= WHAT THE TASK ASKS =
Span requested from the data below: the line with "圖1所示為管路系統(tǒng" through the line with "Population ecologist John", both included. Give only these lines again, exactly, and leave every picture out.

= TASK INPUT =

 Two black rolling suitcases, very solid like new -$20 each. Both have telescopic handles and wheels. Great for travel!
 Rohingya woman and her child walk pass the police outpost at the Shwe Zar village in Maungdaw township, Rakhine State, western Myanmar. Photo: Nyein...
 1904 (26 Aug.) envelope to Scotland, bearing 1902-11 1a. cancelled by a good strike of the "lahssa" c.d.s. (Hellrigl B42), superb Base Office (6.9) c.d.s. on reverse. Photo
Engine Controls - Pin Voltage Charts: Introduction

...

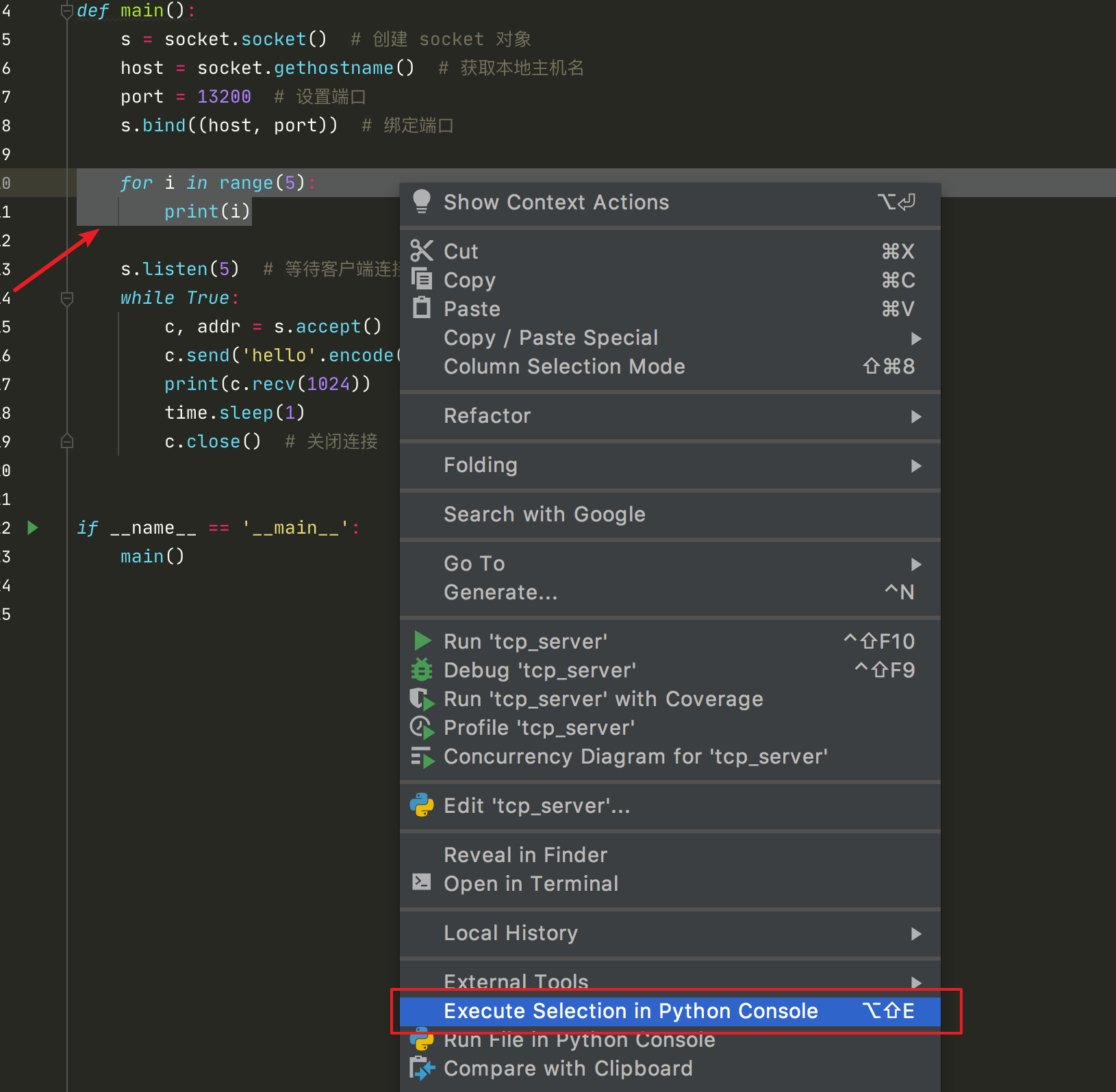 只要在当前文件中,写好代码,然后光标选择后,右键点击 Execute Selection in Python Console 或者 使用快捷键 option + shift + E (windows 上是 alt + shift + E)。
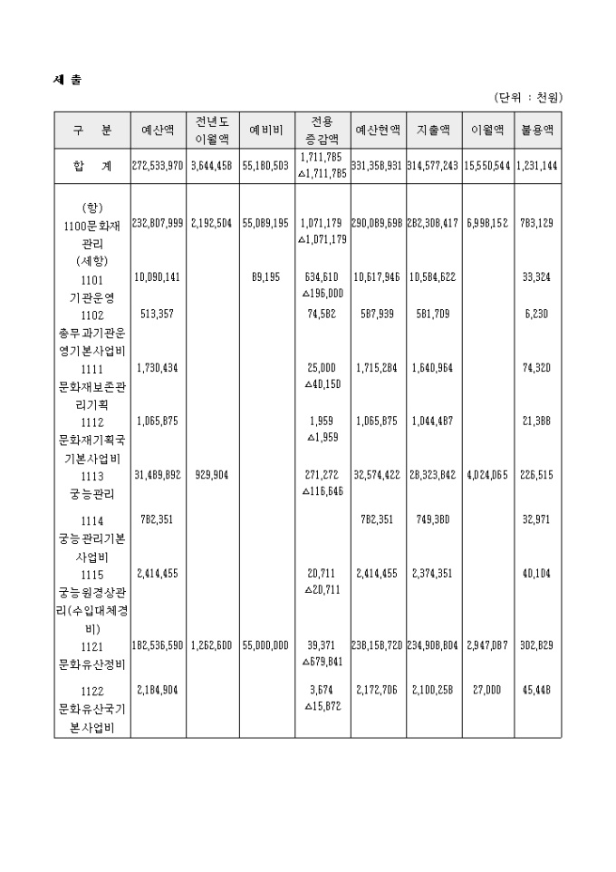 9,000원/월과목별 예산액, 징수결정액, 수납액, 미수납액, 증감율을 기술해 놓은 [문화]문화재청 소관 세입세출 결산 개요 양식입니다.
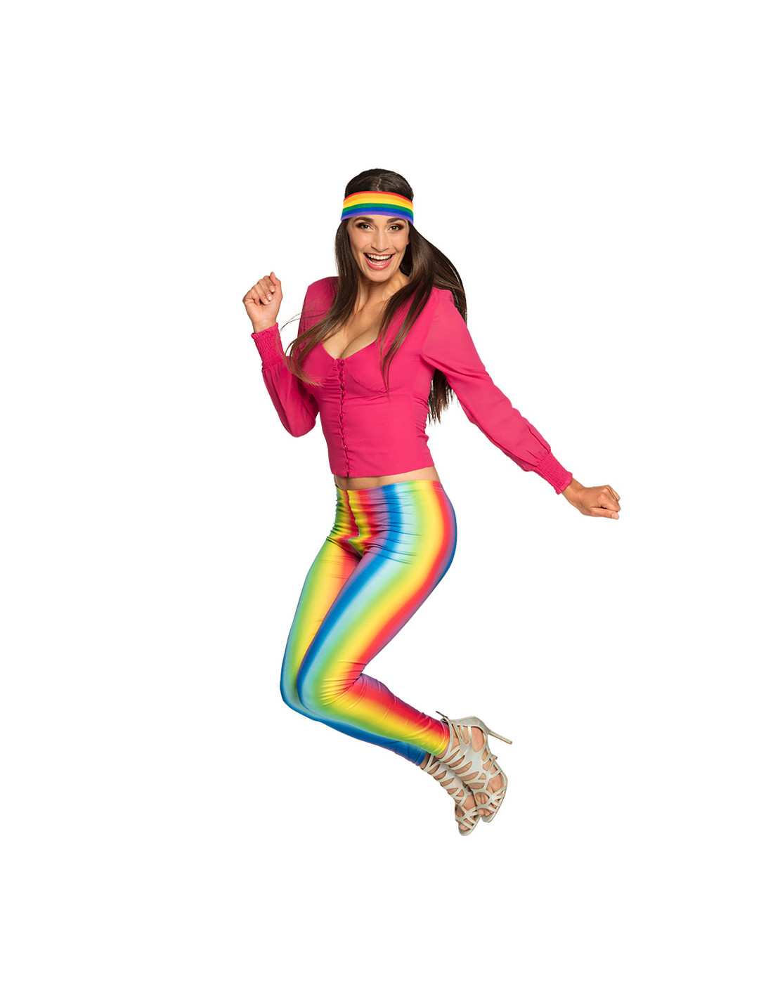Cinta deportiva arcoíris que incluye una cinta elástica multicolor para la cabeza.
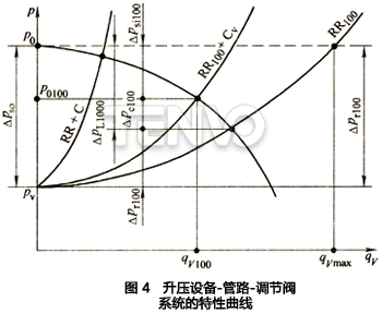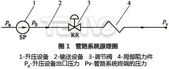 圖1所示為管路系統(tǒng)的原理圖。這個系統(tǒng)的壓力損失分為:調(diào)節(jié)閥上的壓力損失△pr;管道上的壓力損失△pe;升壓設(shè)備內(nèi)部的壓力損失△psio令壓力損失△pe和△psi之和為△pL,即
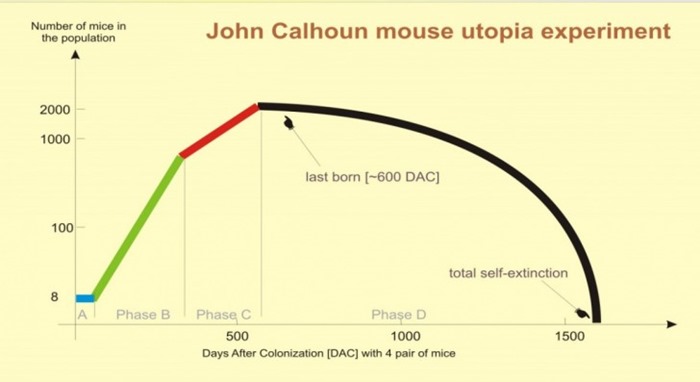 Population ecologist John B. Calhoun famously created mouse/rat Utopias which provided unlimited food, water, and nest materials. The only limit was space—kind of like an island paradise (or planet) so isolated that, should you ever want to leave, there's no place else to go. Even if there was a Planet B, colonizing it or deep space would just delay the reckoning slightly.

= YOUR SOLUTION =
 圖1所示為管路系統(tǒng)的原理圖。這個系統(tǒng)的壓力損失分為:調(diào)節(jié)閥上的壓力損失△pr;管道上的壓力損失△pe;升壓設(shè)備內(nèi)部的壓力損失△psio令壓力損失△pe和△psi之和為△pL,即
 Population ecologist John B. Calhoun famously created mouse/rat Utopias which provided unlimited food, water, and nest materials. The only limit was space—kind of like an island paradise (or planet) so isolated that, should you ever want to leave, there's no place else to go. Even if there was a Planet B, colonizing it or deep space would just delay the reckoning slightly.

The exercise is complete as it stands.